Electronic – Op amp driving a LED oscillates, how to stabilize

ledled-driveroperational-amplifieroscillationstability

I have a simple LED driver circuit like this:

schematic

simulate this circuit – Schematic created using CircuitLab

The op-amp is OPA354
250-MHz,
Rail-to-Rail
I/O, CMOS
Operational
Amplifier
supplied from a single +5V rail. The LED is a 100mA, 1.4V forward voltage type. The input is a 0.5V pulse from a signal generator.

What I see is that everything works more or less as expected, the LED current during a pulse is around 50mA, except that at the beginning of each pulse there is a distinct oscillation with a period of ~10ns (around 5-10 cycles are visible). Somewhat more disturbingly, there is a bit of random noise on top of each pulse, maybe 50mV peak to peak, that comes and goes.
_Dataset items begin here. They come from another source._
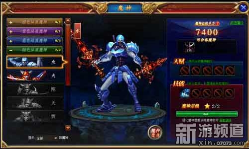 在1k2k《火焰神》中,你可以选择各式各样的魔神,魔神可以通过碎片合成或合体得到,不同的魔神拥有不同的外形,当玩家进行变身操作时,可将角色外形替换为魔神外形。不同魔神间所拥有的属性特点以及技能都各不相同。
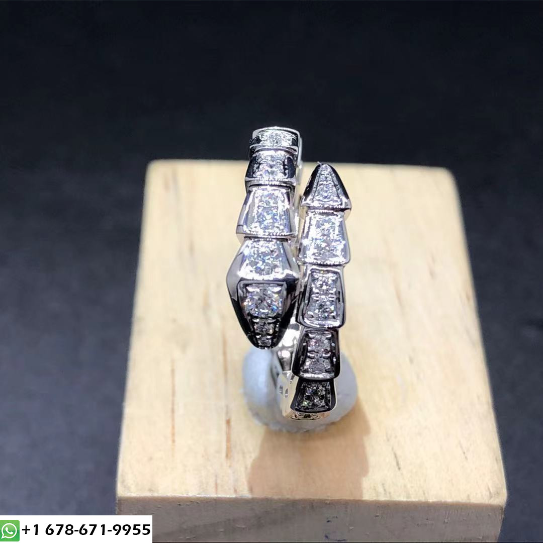 La bague Bulgari Serpenti Viper est en or blanc 18 carats et pavée de diamants ronds taille brillant totalisant 0.6 ct. poids d'or:9~ 10 grammes En hommage à son animal spirituel, Bulgari capture le pouvoir de la séduction dans cette bague Serpenti, camoufler la sensualité et la tentation avec un design hypnotique. Sophistiqué et glamour, ce bijou s'enroule autour du doigt frappant avec la beauté précieuse des écailles et avec la sinuosité distinctive du serpent.
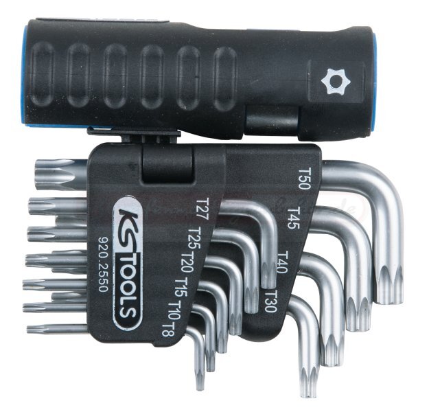 Torx Winkelstiftschlüssel Satz KS Tools 964.0315 EDELSTAHL Innen6kant-Winkelstiftschlüssel-Satz, 7-tlg Imboschlüssel Satz KS Tools 920.2550 TX Winkelschraubendreher-Set TB 8, TB 10, TB 15, TB 20, TB 25, TB 27, TB 30, TB 40, TB 45, TB 50 10tei kaufen Bohrung am kurzen und langen Ende , durchgehend gehärtet , matt verchromt , Spezial-Werkzeugstahl Der Torx-Stiftschlüssel-Satz von KS TOOLS (151.4820) umfasst 10 lang gebohrte Torx-Winkelschlüssel, die ideal für Arbeiten in engen Räumen sind. Dieser Satz bietet die Vorteile einer Ratsche, einschließlich schnellem Lösen und Anziehen Torx-Winkelstiftschlüssel-Satz mit Bohrung, lang, 10-tlg, TB8-TB50 Artikel-Nr.: 151.4820 Schneller Versand und über 800.000 weitere Produkte.
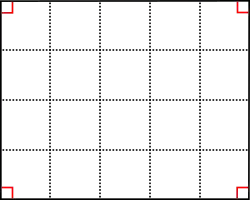 Tout rectangle peut servir à constituer un pavage du plan. Cela signifie qu'il est possible, avec des rectangles identiques, de recouvrir tout le plan sans superposer deux rectangles. Des droites perpendiculaires partagent le plan en zones rectangulaires.
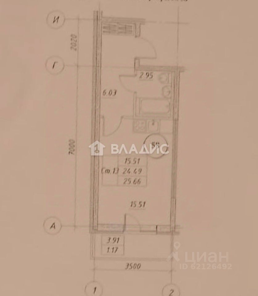 Квартира расположена на 7 этаже 24-х этажного кирпично-монолитного дома, построенного в 2016 году. Общая площадь составляет 25,66 кв. м, из них жилая — 15.51 кв. м, кухня — 4 кв. м. + Лоджия 3,91 Высота потолков 2,7 м создаёт ощущение простора.

The LED has a decently large capacitance of some tens of pF. I've read a lot about stabilizing op amps driving capacitive loads, but these would have the capacitive load where R1 is, not inside the feedback loop.

How do I stabilize the op-amp and prevent this kind of noise/oscillations?

Best Answer

The standard approach in your case is to modify the circuit slightly:

schematic

simulate this circuit – Schematic created using CircuitLab

Unfortunately, I can't give you component values. They depend on the op amp AND R1. As a start, try 1 to 5k and 100 pF, but be prepared to experiment. Getting a circuit simulator such as a SPICE version (TINA, LTSpice, etc) will let you play around, too.

Be prepared to see quite different turn-on and turn-off behaviors. At turn-on the op amp has to come out of a very unpleasant condition, as opposed to its operation during turn-off.